How It Works
The OBFCM Data Quality Checker performs a comprehensive 7-step validation process to ensure data integrity. Each step targets specific quality issues, from basic data completeness to sophisticated pattern detection that identifies potential data fabrication. The tool generates detailed reports with visualizations and statistical summaries to help you understand and address data quality issues.
The 7-Step Validation Process
- Data Loading & Schema Adaptation: Automatically handles compressed files (ZIP, 7Z), maps column names to standard format, and adapts to schema changes with clear notifications.
- Basic Quality Checks: Identifies missing values (NA), zero values, constant columns, and low cardinality columns that may indicate data collection issues.
- Domain Range Validation: Validates values against physical and domain constraints (e.g., EDS 0-100%, Electric range ≤140 km, TA_CO₂ ≤101 g/km for PHEVs).
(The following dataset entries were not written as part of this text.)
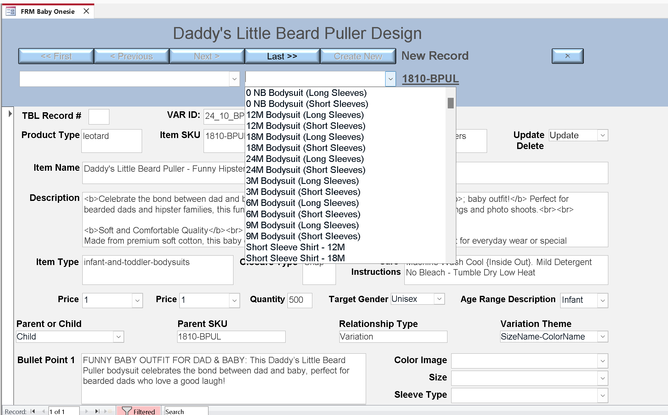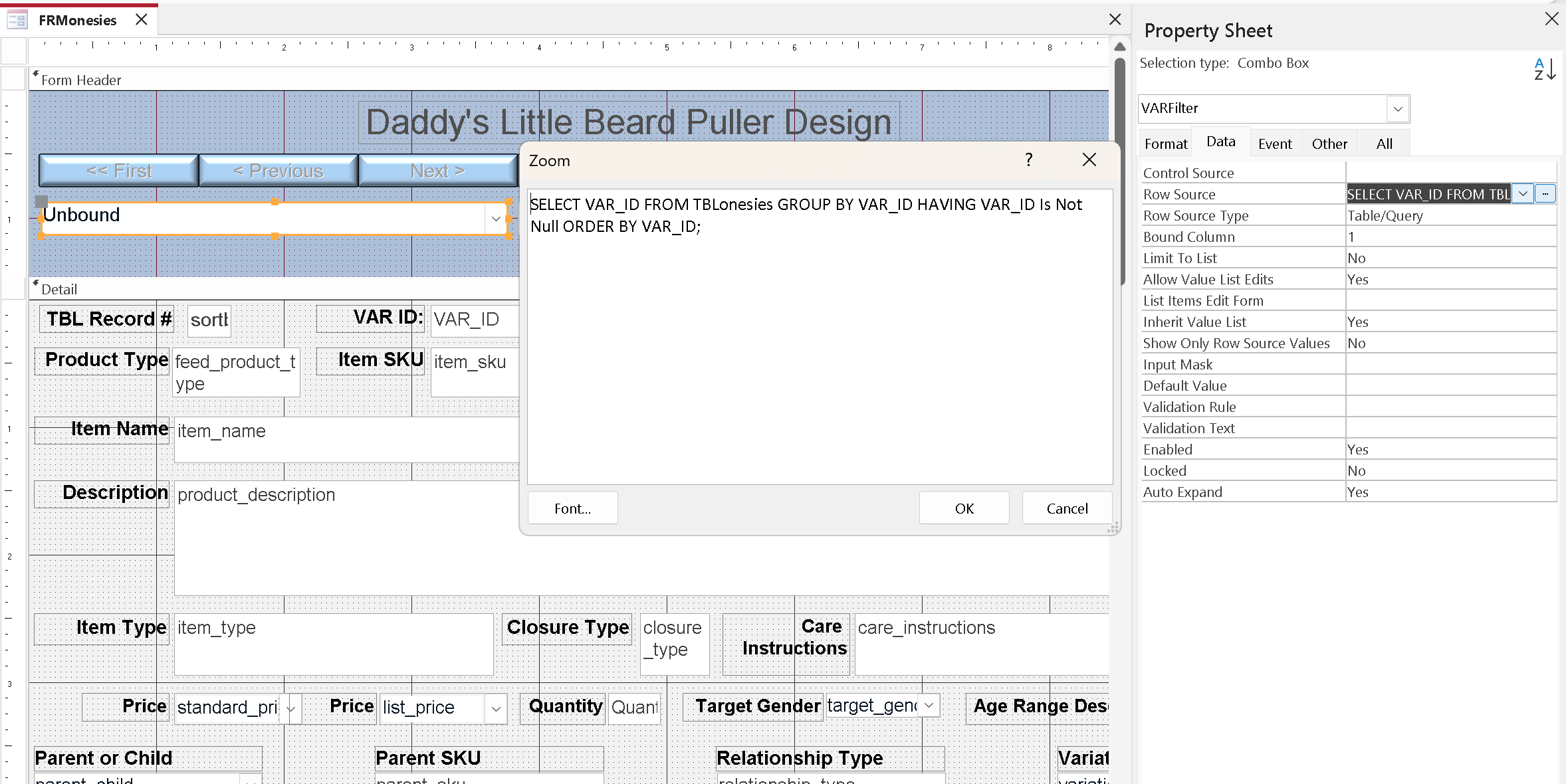 When I look at the Access navigation bar, every record I filter is record 1 of 1.  Before, it was displaying the number of records in the first field [VAR_ID], which I was manually filtering within the form. So in the design I'm working on, there are about 20 records.  So do I need to do a Sub Routine to requery the database for the correct recordset to navigate in?  Its a little confusing to me.
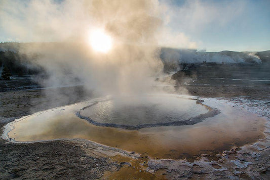 Steam Shadow at Dryad Spring, Yellowstone National Park White Modern Wood Framed Art Print with Double Matting by The Yellowstone Collection
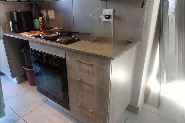 On entering this lovely home, you are welcomed by an open plan living area with a modern kitchen offers ample work and storage space, an electric hob, undercounter oven and extractor fan as well as space for a fridge and wet appliance. The house offers three bedrooms with built-in cupboards as well as two well-appointed bathrooms, main en-suite ensuring privacy for all.
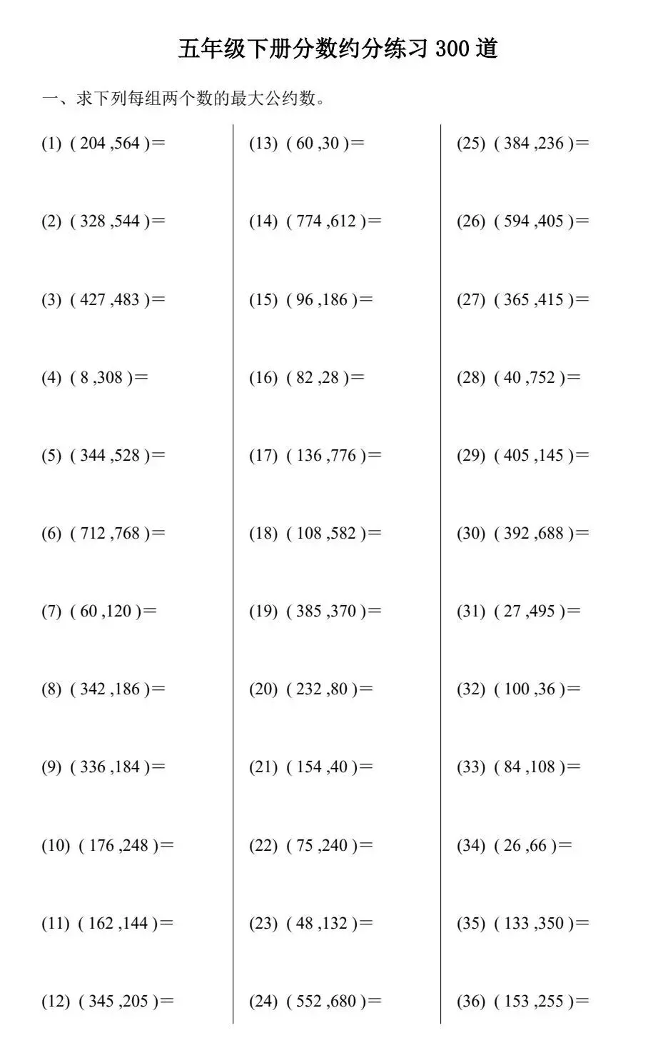 26春五下数学《分数约分练习300道》电子版
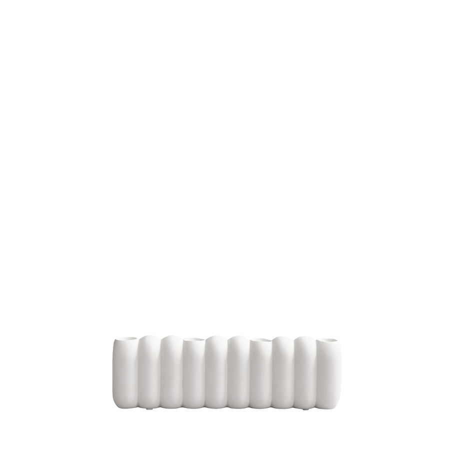 This long, solid candle holder features a unique ripped stacked design in a matte white finish, creating an intriguing, sculptural presence. Its minimalist yet dynamic form makes it an excellent choice for modern interiors. Style it with tapered candles in soft neutral tones for an elegant, understated look, or contrast it with darker accents for added depth.
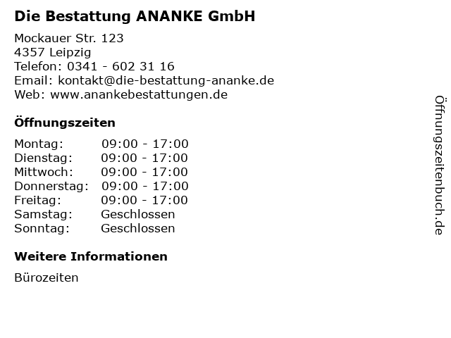 | Öffnungszeiten Die Bestattung ANANKE GmbH in Leipzig anzeigen | |
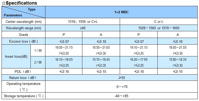 XHP 1×2 1/99 1550nm fiber coupler features low insert loss, high return loss, low PDL, stable and reliable. It can be integrated into fiber communication network, fiber sense system, and fiber test equipment etc.

- Pattern Detection: Detects suspicious patterns including round numbers, repetitive sequences, Benford's Law violations, and manufacturer-specific anomalies that may indicate data fabrication.
- Paper A Validation Steps: Applies all 8 validation steps from the Paper A methodology: CS Invalid, Missing RW_EC, Missing OEM/Model, RW_EC Zero Reporting, VFN Issues, Physics CO₂/FC, Mileage/FC Inconsistency, and EDS/Energy Violations.
- Statistical Analysis: Performs overrepresentation analysis, compares flagged vs clean vehicles, and generates summary statistics to identify systematic issues.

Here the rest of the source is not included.